> _Problem statement_
The entries below contain a stretch that opens with the line containing "Výjimečná akční nabídka" and closes with the line containing "One bedroom ranch"; set down that stretch exactly, both ends included, and nothing else.

> _Data excerpts_
+===+

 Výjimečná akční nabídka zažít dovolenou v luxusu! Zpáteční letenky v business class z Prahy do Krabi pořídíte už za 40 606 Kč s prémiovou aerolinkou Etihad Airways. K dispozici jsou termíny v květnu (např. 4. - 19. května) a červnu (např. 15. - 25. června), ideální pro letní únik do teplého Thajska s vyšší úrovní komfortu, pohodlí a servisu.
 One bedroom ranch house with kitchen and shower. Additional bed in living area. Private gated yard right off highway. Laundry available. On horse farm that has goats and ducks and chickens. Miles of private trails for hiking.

+===+

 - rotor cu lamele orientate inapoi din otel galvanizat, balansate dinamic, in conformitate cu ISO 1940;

+===+

> _Output for this exercise_
 Výjimečná akční nabídka zažít dovolenou v luxusu! Zpáteční letenky v business class z Prahy do Krabi pořídíte už za 40 606 Kč s prémiovou aerolinkou Etihad Airways. K dispozici jsou termíny v květnu (např. 4. - 19. května) a červnu (např. 15. - 25. června), ideální pro letní únik do teplého Thajska s vyšší úrovní komfortu, pohodlí a servisu.
 One bedroom ranch house with kitchen and shower. Additional bed in living area. Private gated yard right off highway. Laundry available. On horse farm that has goats and ducks and chickens. Miles of private trails for hiking.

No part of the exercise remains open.